I grew up reading the Qur’an on my mother’s lap, writes Ziauddin Sardar. It’s an experience I share with most Muslim children. And so it is that our connection to the Qur’an is infused with associations of the warmest and most enduring of human bonds.
In Reading the Qur’an, Sardar one of Europe’s leading public intellectuals laments that for far too many Muslims, the Qur’an he had learned in his mother’s lap has become a stick used for ensuring conformity and suppressing dissenting views. Indeed, some find in the Qur’an justification for misogyny, validation for hatred of others, an obsession with dress and mindless ritual, rules for running modern states.

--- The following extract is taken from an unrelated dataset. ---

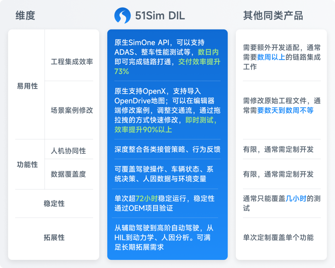 51Sim 的 DIL方案,不只是简单地把“驾驶模拟器 + 仿真软件”拼在一起,而是构建了一套完整的闭环验证体系,这种从系统设计之初就面向工程闭环与量产验证,也形成了其与同类 DIL 解决方案之间最核心的差异:

Arguing passionately but reasonably against these trends, Sardar speaks out for a more open, less doctrinaire approach to reading the Qur’an. He contends that the Qur’an is not fixed in stone for all time, but a dynamic text which every generation must encounter anew, and whose relevance and implications for our time we have yet to fully discover.
The words of the Qur’an imply movement: the religious life, it tells us, is not about standing still but always striving to make our life, our society, the entire world around us a better place for everyone.
Sardar explores the Qur’an from a variety of perspectives, from traditional exegesis to hermeneutics, critical theory, and cultural analysis, drawing fresh and contemporary lessons from the Sacred Text. He also examines what the Qur’an says about such contemporary topics as power and politics, rights of women, suicide, domestic violence, sex, homosexuality, the veil, freedom of expression, and evolution.